To clarify title, here's my code. It's not working--I'm sure it's wrong. But I don't know if I'm close or far away from the answer. I have an "Any" option that I want to reveal everything in my database as opposed to the selected option which would only reveal specific rows. I'm not sure how to display the former. Thanks!
$Interest = $_GET['interestId'];
$sql = "SELECT * from User WHERE (Interest1 = '$Interest' OR Interest2 = '$Interest' OR Interest3 = '$Interest' OR $Interest = 'Any Interest');";
$result = mysqli_query($link, $sql);
$resultCheck = mysqli_num_rows($result);
if ($resultCheck > 0) {
while ($row = mysqli_fetch_assoc($result)) {
echo "<p>";
echo Name . ": ";
echo $row['Fname'] . " ";
echo $row['Lname'] . "<br><br>";
echo Interests . ": ";
echo $row['Interest1'] . ", ";
echo $row['Interest2'] . ", ";
echo $row['Interest3'] . "<br><br>";
echo Website . ": ";
echo $row['Website'] . "<br><br>";
echo Personal_Statement . ": <br><br>";
echo $row['PersonalStatement'] . "<br><br>";
echo Contact . ": ";
echo $row['Phone'] . "<br>";
echo $row['Email'];
echo "</p>";
}
} else {
echo "<h2>Drat!</h2> There's currently no one with the interest of $Interest!";
}
Now it doesn't return anything for any selection.

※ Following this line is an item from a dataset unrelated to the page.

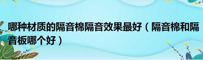 哪种材质的隔音棉隔音效果最好(隔音棉和隔音板哪个好)

So if $Interest is "Any" then there should be no filter at all? You can put that logic in the query. For example, consider something like this:
SELECT *
FROM User
WHERE
(Interest1 = '$Interest' OR Interest2 = '$Interest' OR Interest3 = '$Interest')
OR '$Interest' = 'Any'
Under this logic that last OR will match every record if the variable has the string "Any". So you're basically saying "if the record matches the input, OR if the input is Any".
Also, and this is important, your code is wide open to SQL injection. What that means is that you blindly execute any code your users send you. This answer demonstrates the logic of a solution, but there is more you need to do. Start by learning what SQL injection is here, and some quick information about how to meaningfully prevent it here.